Die im Juni 2018 mit einer Stimmenmehrheit von 61 Prozent angenommene Initiative fordert grundsätzlich den Erhalt des bestehenden «bezahlbaren» Wohnraums. Bei einem als «Wohnungsnot» deklarierten Leerwohnungsstand von unter 1,5 Prozent habe der Staat mit einer Bewilligungspflicht dafür zu sorgen, dass insbesondere langjährige und ältere Mieter vor Kündigungen und massiven Mietzinserhöhungen in Folge von Sanierungen, Umbauten und Abbrüchen geschützt würden.
Was ist «bezahlbarer Wohnraum»?
Für längere Diskussionen sorgte in der Detailberatung vor allem zwei als «wesentlich» bezeichneten Punkte:
Zum Ersten ging es um die Definition, was als «bezahlbarer Wohnraum» zu verstehen ist. Die Regierung hatte diesen auf die 50 Prozent der bestehenden «günstigeren Wohnungen» im Kanton eingeschränkt – das entspräche 34 Prozent des gesamten Wohnungsbestands (ohne Genossenschaftswohnungen). Die Ratslinke wollte diese Spanne auf den gesamten Wohnraum mit Ausnahme von Luxus- und Kurzzeitwohnungen ausgedehnt wissen.
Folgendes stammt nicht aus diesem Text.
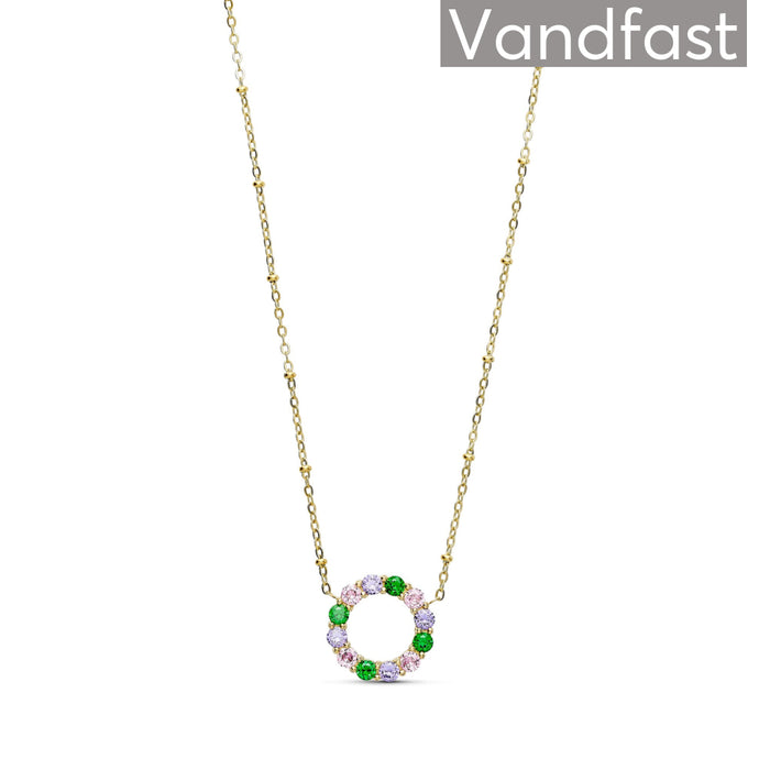ANNEBRAUNER Big Green/Pink Circle Halskæde 18K Guldbelagt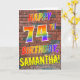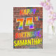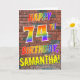 A frente desta vibrante, atraente e divertida design de cartões de saudação com tema de aniversário apresenta a mensagem "HAPPY 74TH BIRTHDAY" com letras que têm um arco-íris multicolorido como um padrão de gradiente, e um nome personalizado amarelo, num padrão de padrão de parede de tijolos. O olhar é inspirado pelo do grafite ou arte de rua desenhada em uma parede. O dentro apresenta uma mensagem de saudação de aniversário que pode ser personalizada. Um cartão de saudação de aniversário divertido, feliz e personalizado como este pode ser dado para comemorar o 74.º aniversário de alguém. [~Z0000357]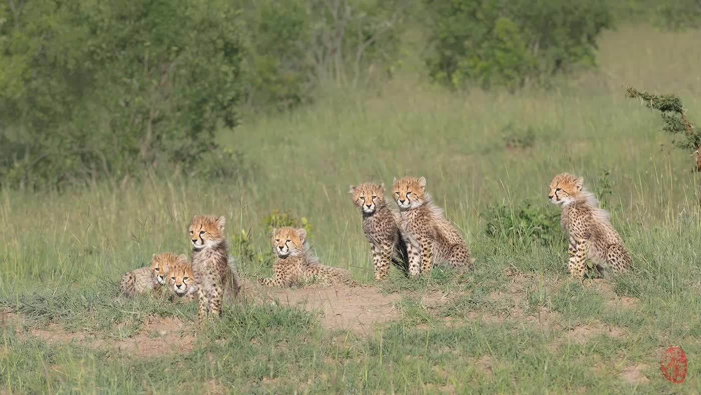 俗话说猫三狗四,指的是猫的孕期是三个月,狗的孕期是四个月。猫三个月生崽不仅仅说的是家养的小猫,就连野外的大猫们也是如此。猎豹交配后,公豹就会离去,继续在草原上逍遥快活,留下母豹独自照顾自己度过孕期。大概90多天,母豹就会找一处既隐蔽又安全的比较熟悉的地方生产。猎豹一窝可以生产3-5只,马赛马拉的最高记录是五兄弟之一,奥尔帕丹 (Olpadan) 的姐妹西利吉 (Siligi) 在2019年创造的,一窝生下来7只小猎豹。很可惜,7只小猎豹无一长大,幸运的是,我在它们三个月左右大的时候拍到了7只小猎豹同框等妈妈捕猎归来的镜头。

Der Grosse Rat lehnte den von der links-grünen Mehrheit in der vorberatenden Bau- und Raumplanungskommission (BRK) eingebrachten Vorschlag aber mit 48 gegen 44 Stimmen bei einer Enthaltung ab – ein Stimmenverhältnis, das sich mehr oder weniger durch die gesamte Detailberatung hindurchzog.
Mit einem ähnlichen Stimmenverhältnis scheiterte auch der Vorschlag der BRK-Mehrheit, Umwandlungen von Mietwohnungen in Stockwerkeigentum als Zweckentfremdung zu bezeichnen und damit einer besonderen Bewilligungspflicht zu unterstellen. Die bürgerliche Mehrheit pochte hier auf die verfassungsmässig verbriefte Eigentumsgarantie.
Für längere Diskussionen sorgten des Weiteren die Gesetzesabschnitte über diverse Ausnahmen von der Bewilligungspflicht für Bauvorhaben und der Mietzinskontrolle. Genannt wurden unter anderem Mehrfamilienhäuser, die mehrheitlich von den Eigentümern und deren Nachkommen bewohnt werden sowie Sanierungen und Umbauten im bewohnten Zustand.
In diesem Punkt konnte die Ratslinke für einmal einen Punkt für sich verbuchen. Diese beiden Ausnahmen wurden nichts ins Gesetz aufgenommen, allerdings nur dank zwei Stichentscheiden der Ratspräsidentin Salome Hofer von der SP.
Stark divergierende Varianten
Insgesamt wurde in der Detailberatung über gut zwei Dutzend, zum Teil sehr stark divergierende Vorschlagsvarianten für neue Paragraphen im Wohnraumfördergesetz zum Teil energisch debattiert und abgestimmt. Dabei geriet der Rat mit zunehmenden Dauer der Debatte zuweilen in Gefahr, die Übersicht zu verlieren.
Mit wenigen Ausnahmen obsiegten jeweils die von der bürgerlichen Minderheit der BRK und zum Teil auch ursprünglich von der Regierung eingebrachten Vorschläge. In der Schlussabstimmung sprachen sich 49 Ratsmitglieder für und 44 gegen die Gesetzesrevision aus.
Die SP und das Grüne Bündnis machten bereits während des Verlaufs der Debatte klar, dass sie sich mit der vom Grossen Rat beschlossenen Gesetzesrevision nicht abfinden werden. Das Stimmvolk müsse noch einmal die Gelegenheit erhalten, sich zur Sache äussern zu können, sagte SP-Kantonalpräsident Pascal Pfister. Ob dies mit einem Referendum oder einer neuen Initiative geschehen soll, liess er noch offen.